Author/Origin: ICBL icblSPAMFLTER@SPATMFLTERicbl.org

(Monday 23 February 2004 Bujumbura, Burundi) A l'ouverture d'une table ronde sur les mines dans la région de l'Afrique Centrale, la Campagne Internationale pour l'Interdiction des Mines ( ICBL) exhorte le Burundi à mettre rapidement en application les principles clauses des accords de cessez-le-feu au Burundi, qui prohibent la pose des mines, exigent la délimitation et la cartographie des champs de mines, et à initier le déminage humanitaire dans tout le pays.

" Nous nous réjouissons beaucoup du fait que la paix se consolide au Burundi, mais la mine antipersonnel ne reconnaît ni cessez le feu, ni accord de paix. Cette question devrait être abordée sans delai ", a dit madame Susan Walker, porte parole de la Campagne Internationale de l'Interdiction des Mines (ICBL), ajoutant : " Nous demandons instamment au Burundi de s'attaquer sans tarder aux conséquences humanitaires du récent usage des mines antipersonnel en localisant et en détruisant ces armes ignobles ".

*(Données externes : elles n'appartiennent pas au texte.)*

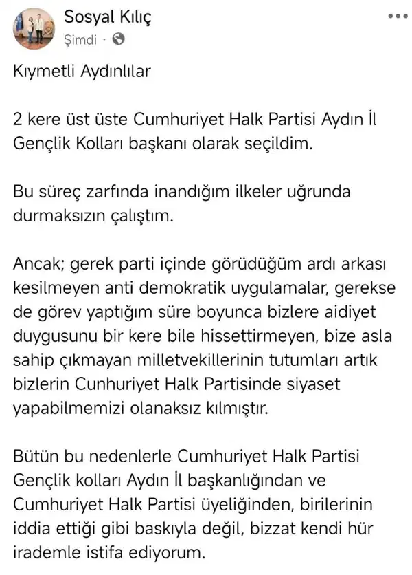 Sosyal Kılıç, sosyal medya hesabından yaptığı açıklamada, "2 kere üst üste Cumhuriyet Halk Partisi Aydın İl Gençlik Kolları Başkanı olarak seçildim. Bu süre zarfında inandığım ilkeler uğrunda durmaksızın çalıştım. Ancak gerek parti içinde gördüğüm ardı arkası kesilmeyen antidemokratik uygulamalar, gerekse de görev yaptığım süre boyunca bizlere aidiyet duygusunu bir kere bile hissettirmeyen, bize asla sahip çıkmayan milletvekillerinin tutumları artık bizlerin Cumhuriyet Halk Partisi'nde siyaset yapabilmemizi olanaksız kılmıştır. Bütün bu nedenlerle Cumhuriyet Halk Partisi Gençlik Kolları Aydın İl başkanlığından ve Cumhuriyet Halk Partisi üyeliğinden, birilerinin iddia ettiği gibi baskıyla değil, bizzat kendi hür irademle istifa ediyorum" dedi.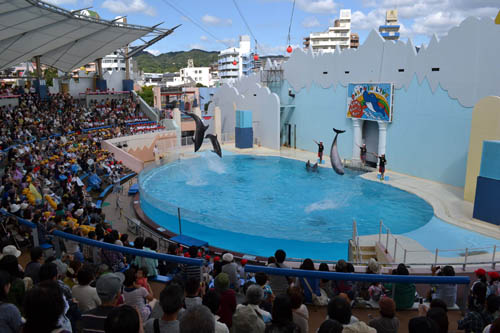 在大水槽里游泳的鯊魚、魚群,隧道水槽里遨游的海豚現場表演常年人氣不減,此外還能近距離觀看海龜等。

Le Burundi a ratifié le 22 octobre 2003 la Convention sur l'interdiction de mines de 1997. En somme, 150 pays ont adhéré à cette convention, et parmi lesquels tous les pays d'Afrique sub-saharienne sauf la Somalie. Le 2 Décembre 2002, le gouvernement de transition du Burundi et le Conseil National pour la Défense de la Démocratie ( CNDD-FDD) ont signé un accord de cessez le feu qui stipule la prohibition de la pose des mines et la nécesité des activités d'action contre les mines.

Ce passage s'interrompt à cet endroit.